The bureau has begun to move people to Washington, D.C., and redeploy them across the country. Patel said the goal is to relocate about 1,500 people, which he said would be 10% of the total FBI staff in the DC area.
Some of them were taken to the large FBI campus in Huntsville, Alabama, while others headed to the FBI offices nationwide.
"We need some field agents on the scene. We need some intelligence analysts on the scene," Patel told Congress last month. "We need their expertise in your state, county, town, because there are threats to this country everywhere, and we can't just come from the quarterbacks in Washington, D.C.."
NPR talked about the story with several current and former FBI officials. The first two senior officials usually support the program. The idea has been thought about for a long time, they said, as the headquarters has become too big and bulky over the past 20 years.
Patel has repeatedly referred to violent crime as the FBI's top priority, although former officials say the bureau has been focusing on solving problems for decades.
Instead, the main change appears to be a shift in immigration enforcement, which is not a traditional FBI mission. Current and former officials say most on-site offices are now working on immigration enforcement, while leadership is working on seven days a week.
There are concerns about the potential ripple effect of dumping resources on immigration.
Two former senior FBI officials noted that the bureau had only a large amount of resources and that if agents and analysts were immigrated, they would be evacuated from their regular tasks such as counterintelligence or counterterrorism.
The former official spoke on anonymity because they were worried about revenge.
The agency has not commented on the decision of a specific person, said the FBI spokesman Ben Williamson. But he added that the bureau’s “agents and support staff are professionals working around the clock to defend their territory and crush violent crimes – a mission that certainly overlaps with the consequences of the previous administration’s open border policy for four years.”
“We are proud to work with our inter-agency partners to ensure the safety of the American people,” he said.
The FBI is throwing resources at immigration enforcement, and current and former officials say the new leadership has shifted its focus to investigating white-collar crimes.
They said the bureau dissolved the Prime Minister's public corruption team, which investigated public officials and was eliminated from the Washington Field Office. The team was involved in the investigation into Trump.

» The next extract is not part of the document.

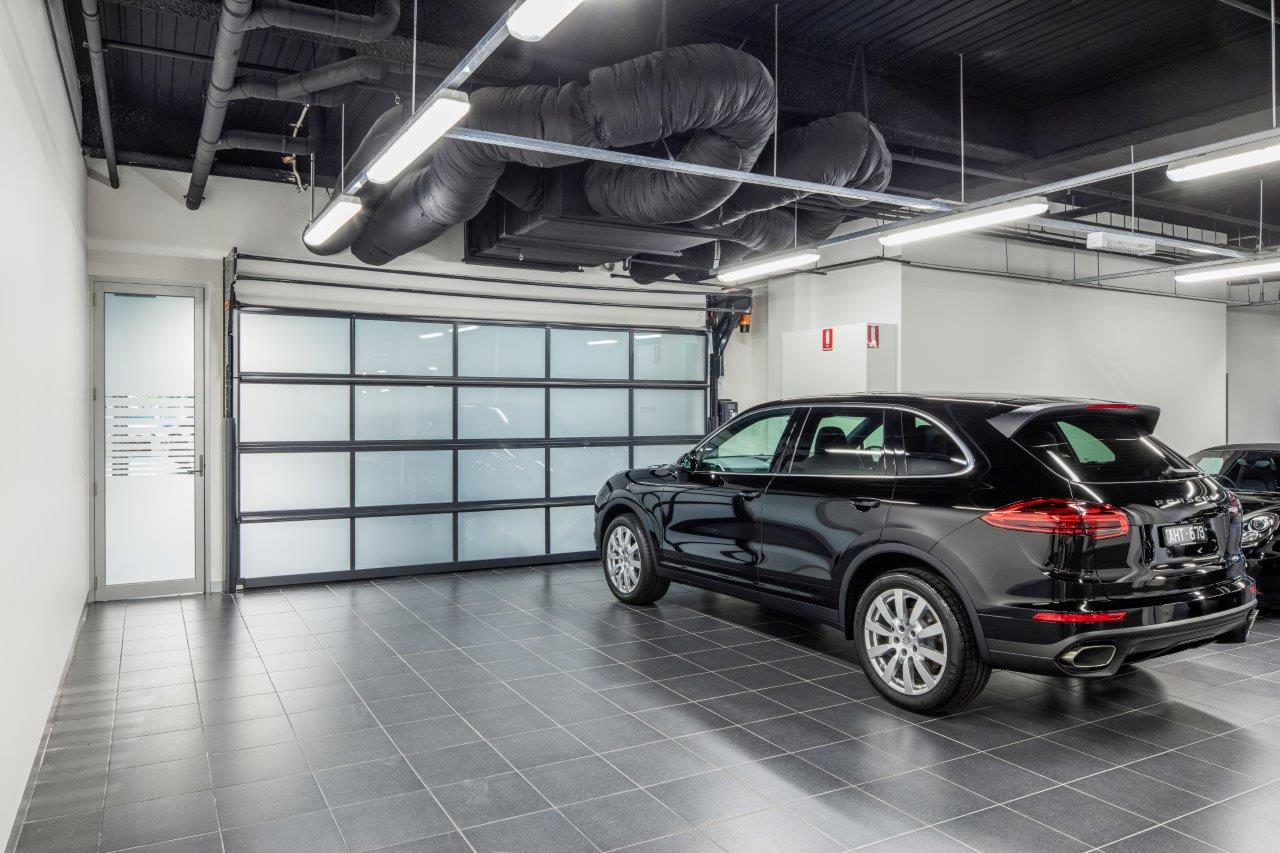 El concesionario de Melbourne ha utilizado la puerta de garaje Compact en su enorme edificio para cerrar varios espacios. De este modo, el taller se puede cerrar con una puerta de garaje totalmente transparente, lo que permite a los clientes ver a los distintos técnicos trabajando. Las zonas de lavado de coches y la sala de exposición también se cierran con la puerta Compact. La puerta de garaje Compact, aquí con paneles de cristal, mantiene el aspecto impecable y lujoso del edificio tanto cuando está cerrada como abierta.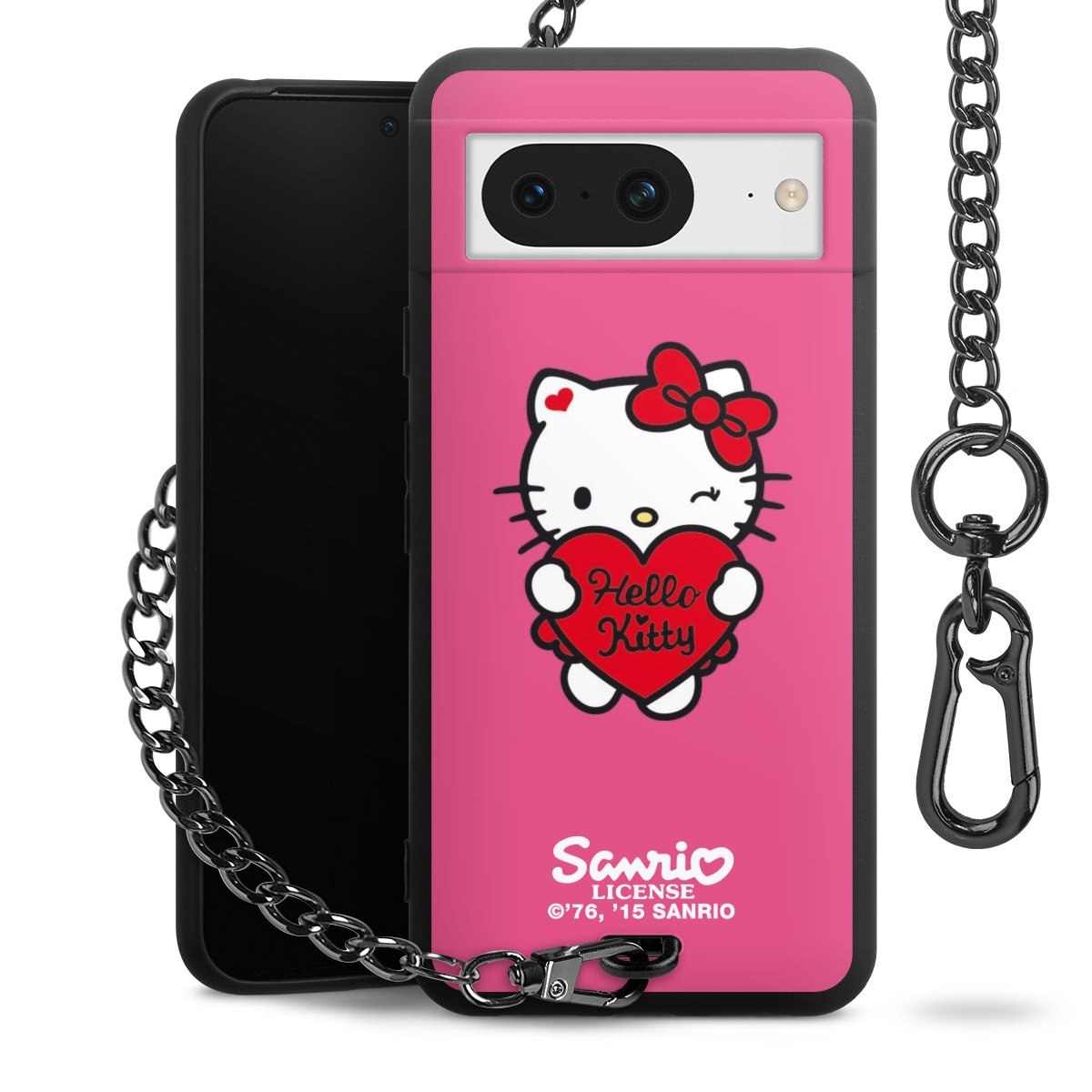 Die mattschwarze Silikon-Handyhülle besteht aus robustem TPU (thermoplastisches Polyurethan). Sie ist flexibel und schützt Dein Smartphone vor Stößen und Kratzern. Die Kette sowie der Karabinerhaken sind aus Metall in Gunmetal-Optik gefertigt. Für dieses Produkt kommen ausschließlich TÜV-geprüfte Materialien zum Einsatz.

One of a former senior FBI officials called the decision “confusing”, adding that the FBI is the only federal agency investigating public corruption, so if you don’t – then no one will.
Another former senior FBI official said the message of these moves is clear: Public corruption is not a worthwhile investment in agent time.
This also follows the Justice Department’s destruction of the public integrity department, which prosecutes corruption, including criminal conflicts and people who make money from government positions.
Meanwhile, Bongino said the bureau will conduct three specific investigations into what he calls “potential public corruption cases” – a pipe bomb found near the Capitol on January 6, 2021; a small bag of cocaine found in the White House in 2023; and a leak from the Supreme Court Dobbs The decision to overturn Roe v Wade.
Bongino has claimed in his podcast in the past that bombs were "inside work" and that the FBI knows who planted them.
None of these cases seems to be directly related to Patel's top priority in weakening violent crimes, but during the Biden administration, although not all of Patel's investigations were conducted.